Task:
Beginning with the line that contains "GS.TS Lê Ngọc" and ending with the line that contains "This pendant features", reproduce the lines of the entries below exactly, omitting pictures.
────
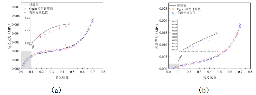 图3 聚氨酯泡沫海绵和乳胶海绵力学响应[1](a)聚氨酯泡沫海绵,(b)乳胶海绵
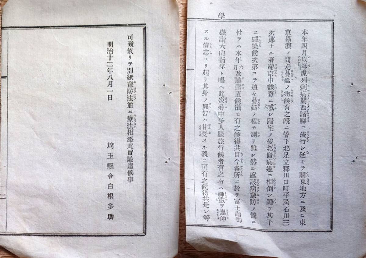 - f24012610〇明治布告布達 コレラ病東進 コレラ病予防法 埼玉県 明治12年〇和本古書古文書
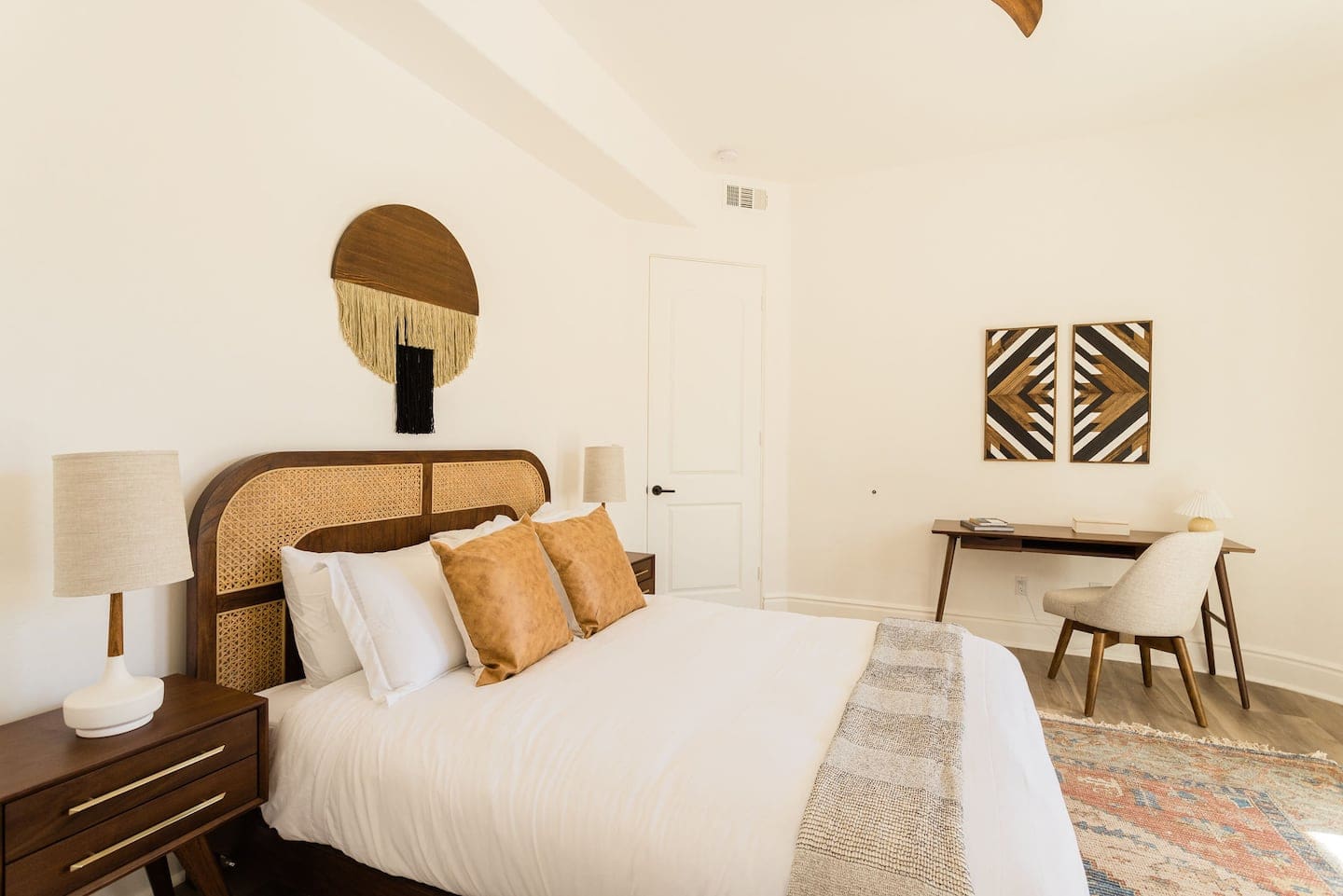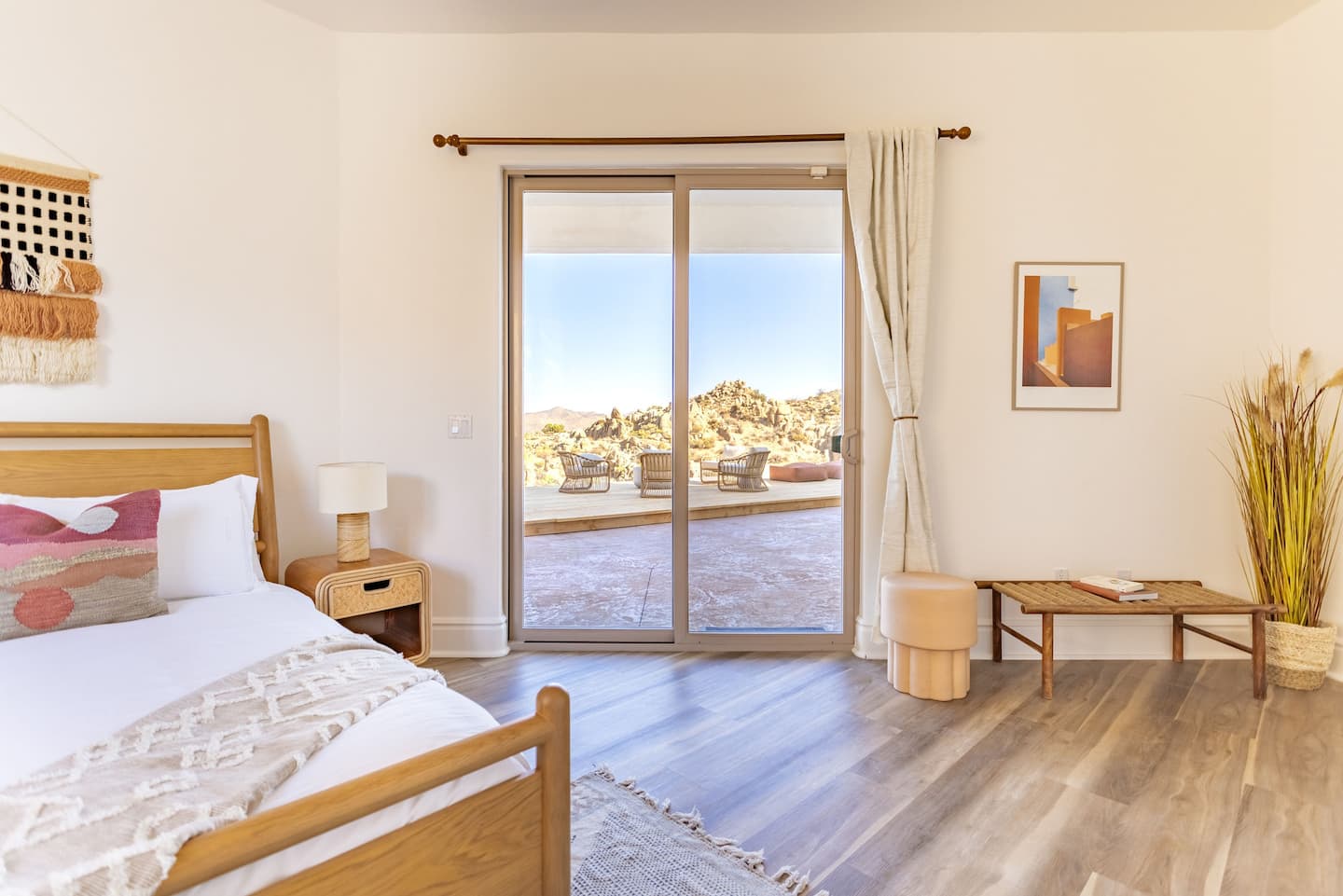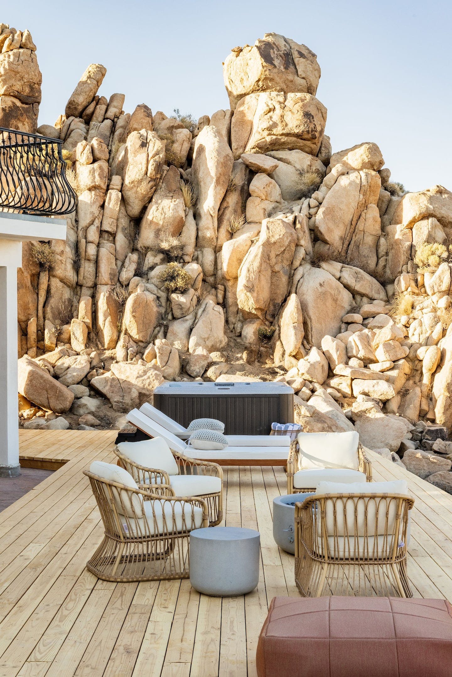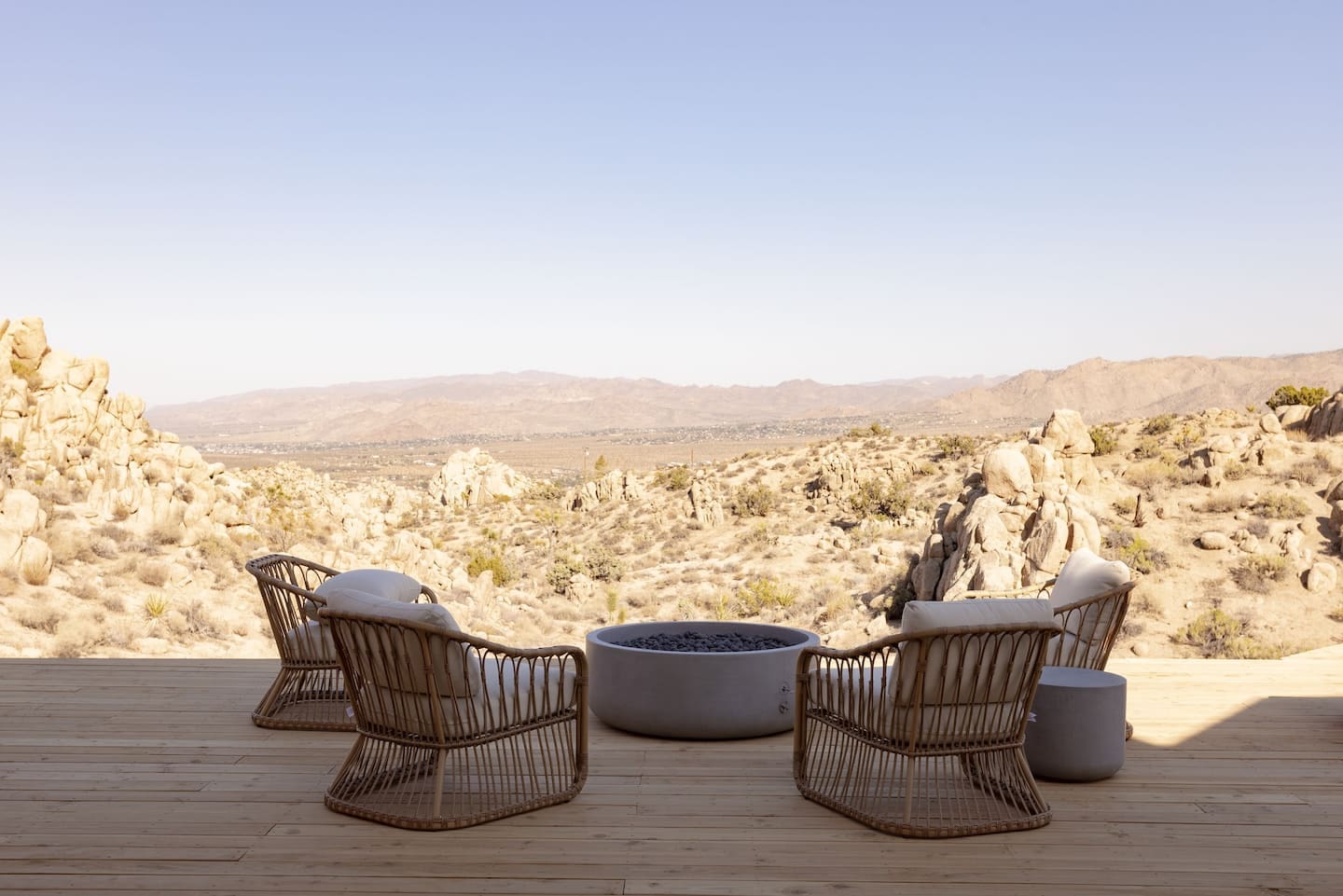 The villa’s outdoor spaces are designed to immerse you in the natural beauty of Joshua Tree. Take a moonlight soak in the hot tub or enjoy a refreshing dip in the sunken cowboy tub as stars twinkle in the vast desert sky. A wooden deck offers a perfect spot to sunbathe or gather around the fire pit, keeping the desert chill at bay while you marvel at the rugged terrain stretching for miles.
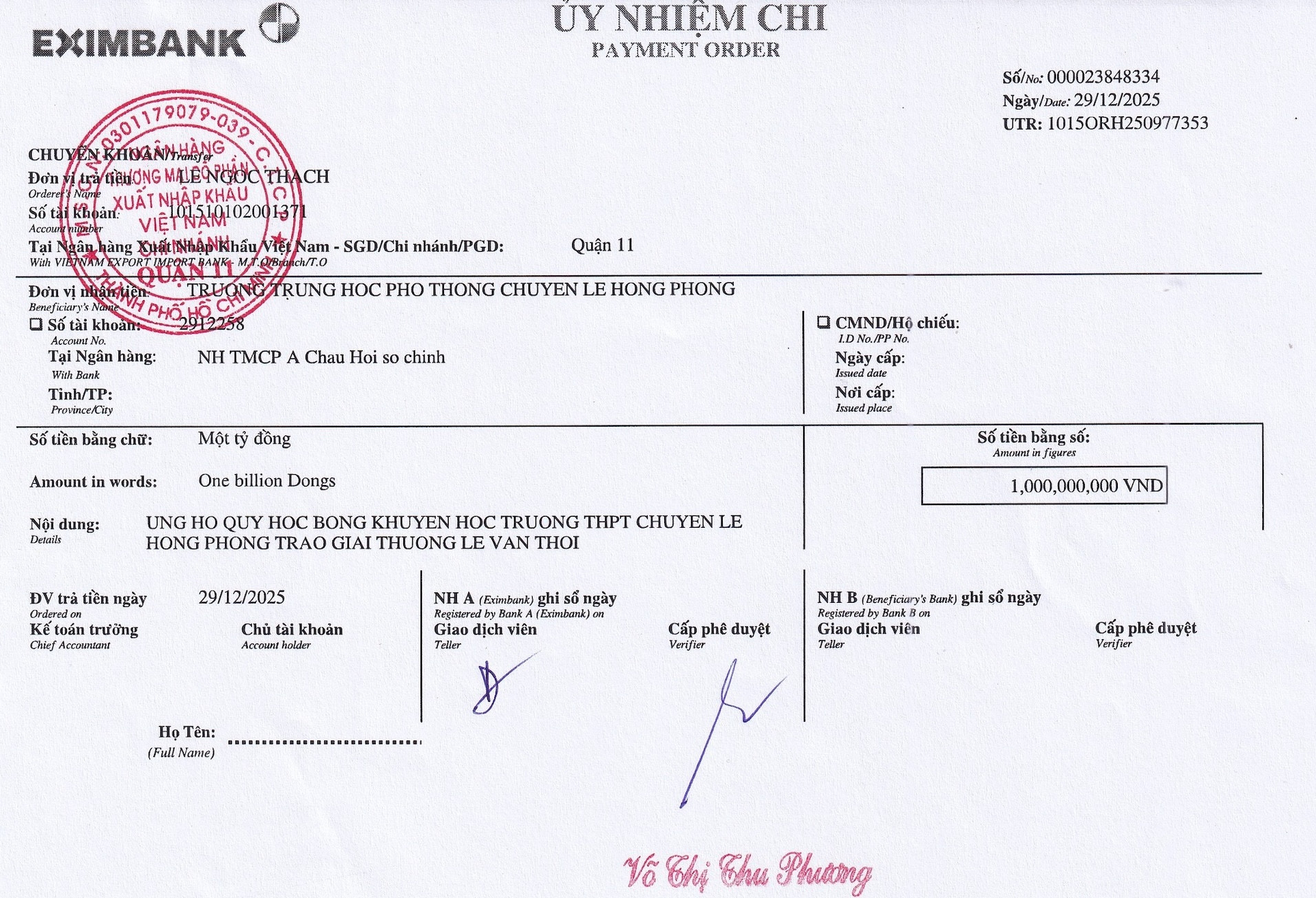 GS.TS Lê Ngọc Thạch, giảng viên thỉnh giảng Trường Đại học Khoa học Tự nhiên (Đại học Quốc gia TPHCM), cho biết ông vừa đến ngân hàng rút khoản tiết kiệm 1 tỷ đồng để chuyển tặng Trường THPT Chuyên Lê Hồng Phong. Số tiền này được dùng làm quỹ trao Giải thưởng Lê Văn Thới dành cho học sinh xuất sắc của trường.
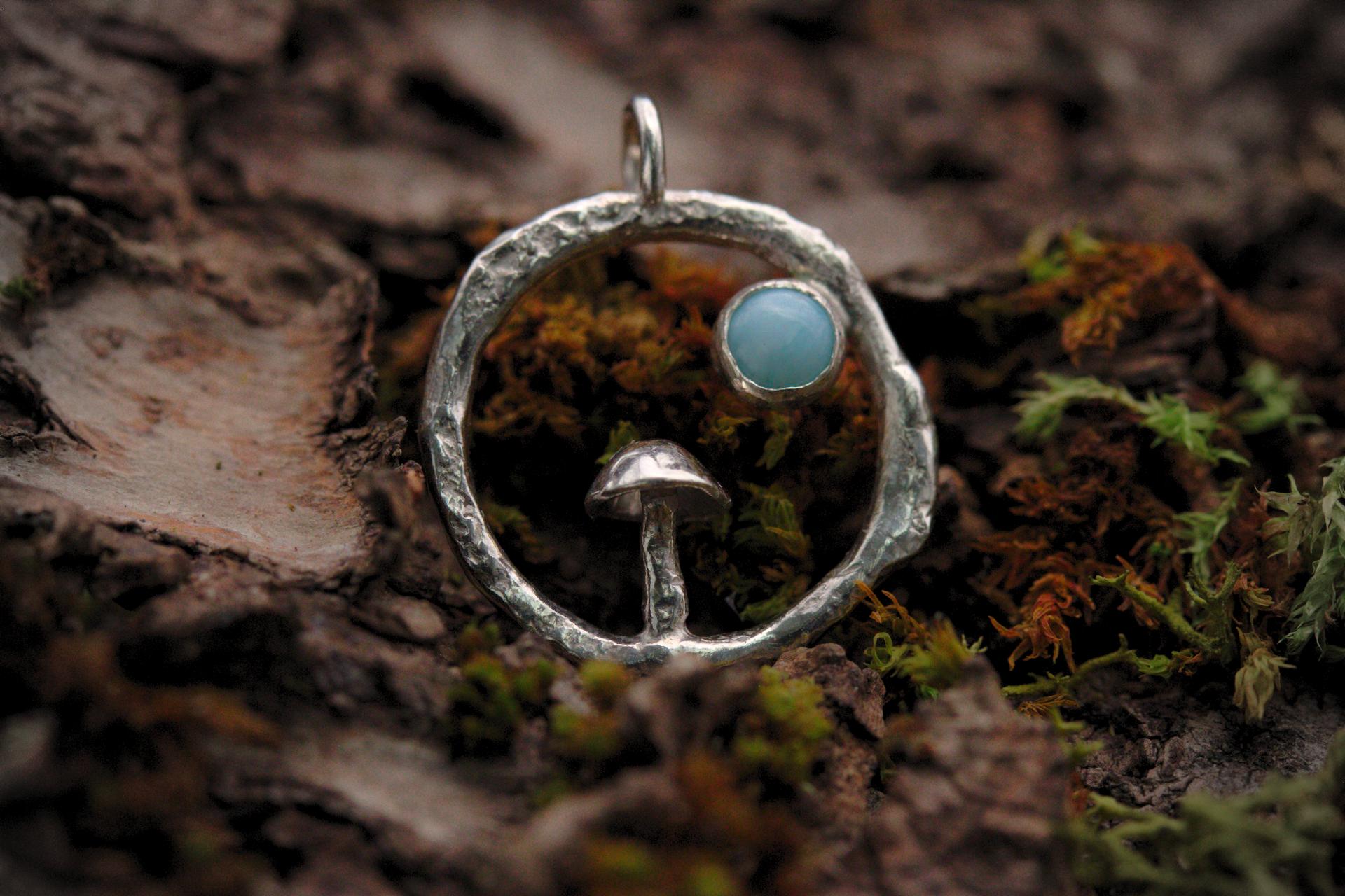 This pendant features a molten ring with a small fungi sat at the bottom with a beautiful blue Larimar stone set above it.
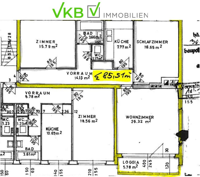 Unverbindliche Unterlage. Die angegebenen Informationen sind nach bestem Wissen erstellt, Druck- bzw. Redaktionsfehler oder Irrtümer vorbehalten. Für Angaben, Auskünfte und Flächen, die uns von Eigentümerseite bzw. Dritten zur Verfügung gestellt wurden, können wir keine Haftung übernehmen. Gem. § 5, Abs. 3 Maklergesetz weisen wir darauf hin, dass die Firma VKB-Immobilien GmbH als Doppelmakler tätig ist.
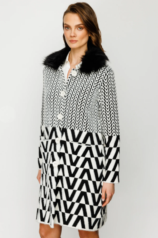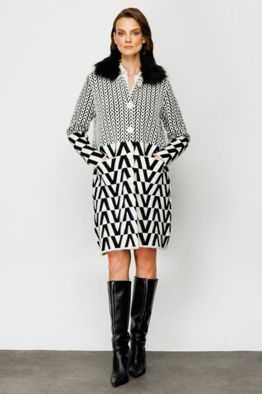 Long V Pattern Cardigan BLACK (24K-ON3935-002)
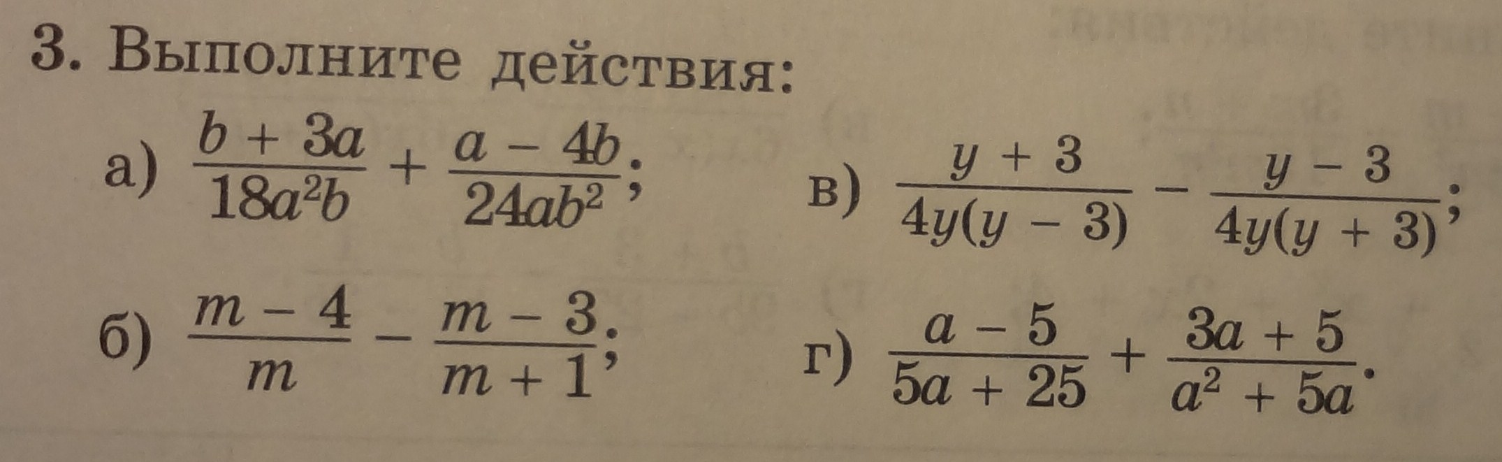 а) b+3a|18a^2b + a-4b|24ab^2=(4b(b+3a)+3a(a-4b))/72a^2b^2=(4b^2+12ab+3a^2-12ab)/72a^2b^2=(4b^2+3a^2)/72a^2b^2
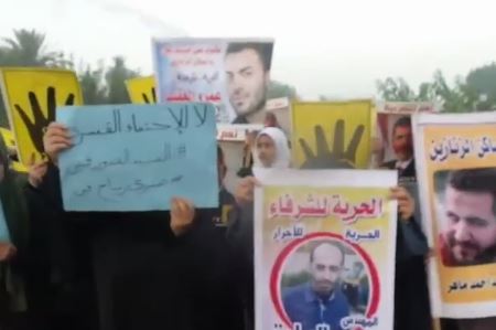 كتب- أحمد علي:   بلافتات تحمل عبارات منها "قل لي يا قاضي إزاي بتنام وأنت بتدي بريء إعدام، قالوا علينا شعب جبان الرجالة في الميدان، السيسي كداب، غلي ...
────
Written response:
 GS.TS Lê Ngọc Thạch, giảng viên thỉnh giảng Trường Đại học Khoa học Tự nhiên (Đại học Quốc gia TPHCM), cho biết ông vừa đến ngân hàng rút khoản tiết kiệm 1 tỷ đồng để chuyển tặng Trường THPT Chuyên Lê Hồng Phong. Số tiền này được dùng làm quỹ trao Giải thưởng Lê Văn Thới dành cho học sinh xuất sắc của trường.
 This pendant features a molten ring with a small fungi sat at the bottom with a beautiful blue Larimar stone set above it.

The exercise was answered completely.